En la parte anterior nos detuvimos en el carácter del alma del beinoni (el "intermedio"): en el plano ejecutivo, es decir en el pensamiento, en el habla y en la acción, no fracasa jamás; en cambio, en el plano emocional se libra en él una guerra permanente: hay momentos en que el yetzer hará intenta despertar un deseo, y hay momentos en que el alma divina gobierna y domina. Ahora el Alter Rebbe agrega una frase muy interesante, en la que aparecen los momentos de gracia que le fueron concedidos al beinoni.
"כי אם בעיתים מזומנים" ("salvo en tiempos determinados"):
El beinoni tiene horas, minutos y situaciones puntuales a lo largo del día en los que es como un tzadik. En esos instantes no tiene lucha alguna: su nefesh habahamis (el alma animal) duerme por completo, no habla y no despierta deseos. Son momentos puntuales, muy breves, pero existen, y de ellos el beinoni extrae la energía y el combustible para sostenerse durante todo el resto del día.
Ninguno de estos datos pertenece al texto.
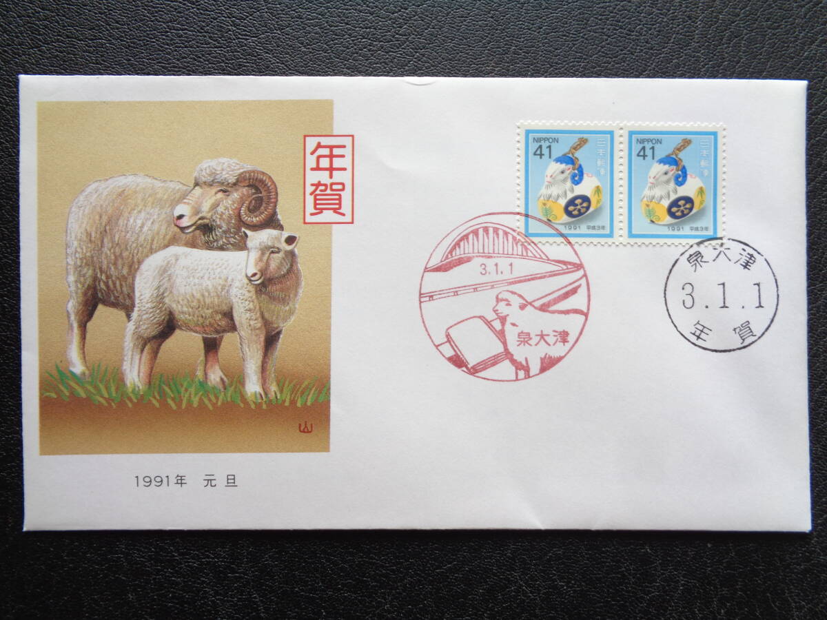 初日カバー     1991年     平成3年用年賀切手    元旦年賀
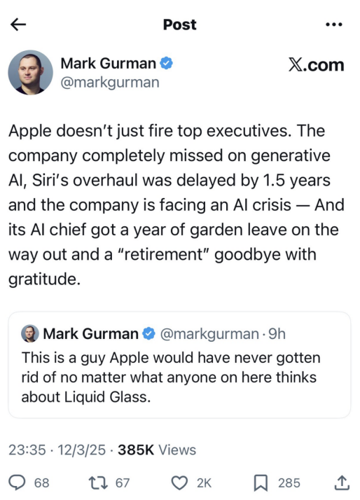 正如彭博社记者古尔曼(Mark Gurman)指出的,“(库克时代的)苹果通常不会直接开除核心高管。苹果完全错失了生成式AI时代,Siri的重组推迟了整整一年半时间,整个公司都处在AI危机之中。但苹果还是给了AI负责人一年的隔离期(garden leave,即在离职前剥夺职权,有薪水但不用工作)以及一个体面的退休告别。”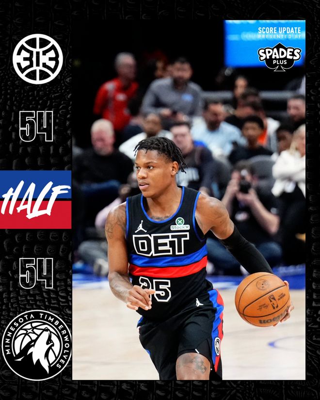 勒维尔三分命中,他率队以7-0的小高潮开始第二节,活塞队重夺领先。里德回应三分,香农连进两球,森林狼队很快夺回领先。两队之后各得几分,康利外线手感来了,连进两记三分,戈贝尔两罚一中,半场前4分10秒时他们以52-45领先。詹金斯和杜伦一同发力率队以9-2的反击波结束第二节,双方以54平握手言和进入半场休息。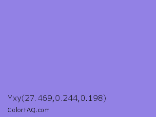 Yxy 27.469,0.244,0.198 Color is a light indigo color and the nearest color is Chetwode Blue #8581d9. Hex code #9281e5 and RGB value is rgb(146,129,229). In RGB color space, this color is composed of 57% red, 51% green, 90% blue, In CMYK color space, this color is composed of 36% cyan, 44% magenta, 0% yellow , 10% black , In HSL color space, this color has a hue angle of 250° , 66% saturation and 70% lightness.

Todo el día está peleando consigo mismo para no caer, y por eso necesita una tregua en la que el yetzer tov sea el único que gobierna, sin ninguna confrontación.
¿Cuándo ocurren esos "tiempos determinados"? En el momento del Kriat Shemá y de la tefilá.
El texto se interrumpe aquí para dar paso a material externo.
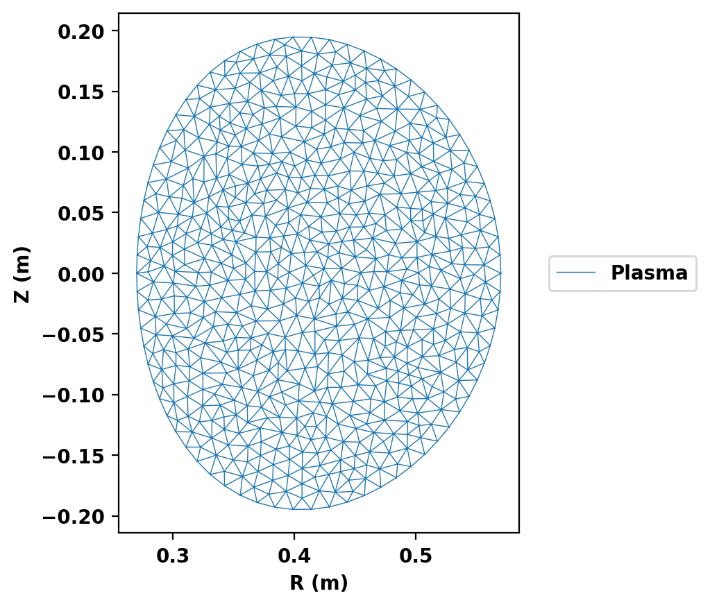 We now create the mesh object and define the various logical mesh regions. In this case we only have one region, which is named plasma and is of type plasma. See other examples for more complex cases with other region types.

Las cuatro veces que se dice Kriat Shemá:
A lo largo del día el judío dice cuatro veces el Shemá, y en la Kabalá se explica que cada una de ellas constituye una etapa en sí misma, con un contenido espiritual propio:
En Birjot HaShajar, antes de "Hodu".
En la tefilá de Shajarit, obligación de la Torá.
En la tefilá de Arvit, obligación de la Torá.
El Kriat Shemá sobre la cama, antes de dormir.
La segunda, la que se dice dentro de la tefilá, es la que posee la mayor fuerza y el mayor peso espiritual, y es en ella donde se le exige a quien reza despertar en sí mismo pensamiento, hisbonenus (contemplación meditativa) y atención en el nivel más alto.
"שעת מוחין דגדלות למעלה" ("hora de mojín de gadlut Arriba"):
El tiempo del Kriat Shemá, y de la Amidá que viene inmediatamente después, es un momento especial en los mundos superiores, llamado "שעת מוחין דגדלות למעלה", "hora de mojín de gadlut Arriba" (un estado de conciencia expandida en lo Alto). Y también abajo, en este mundo, en el lenguaje del Alter Rebbe, "היא שעת הכושר לכל אדם", "es el momento apto para toda persona". Es verdad que a la persona le está permitido sentarse en cualquier momento y a cualquier hora, contemplar la grandeza del Creador y despertar en su interior amor a Di-s; pero hay un tiempo que se llama "el momento apto": los portones están abiertos desde Arriba, y se le da una ayuda divina para tener más éxito en su tarea.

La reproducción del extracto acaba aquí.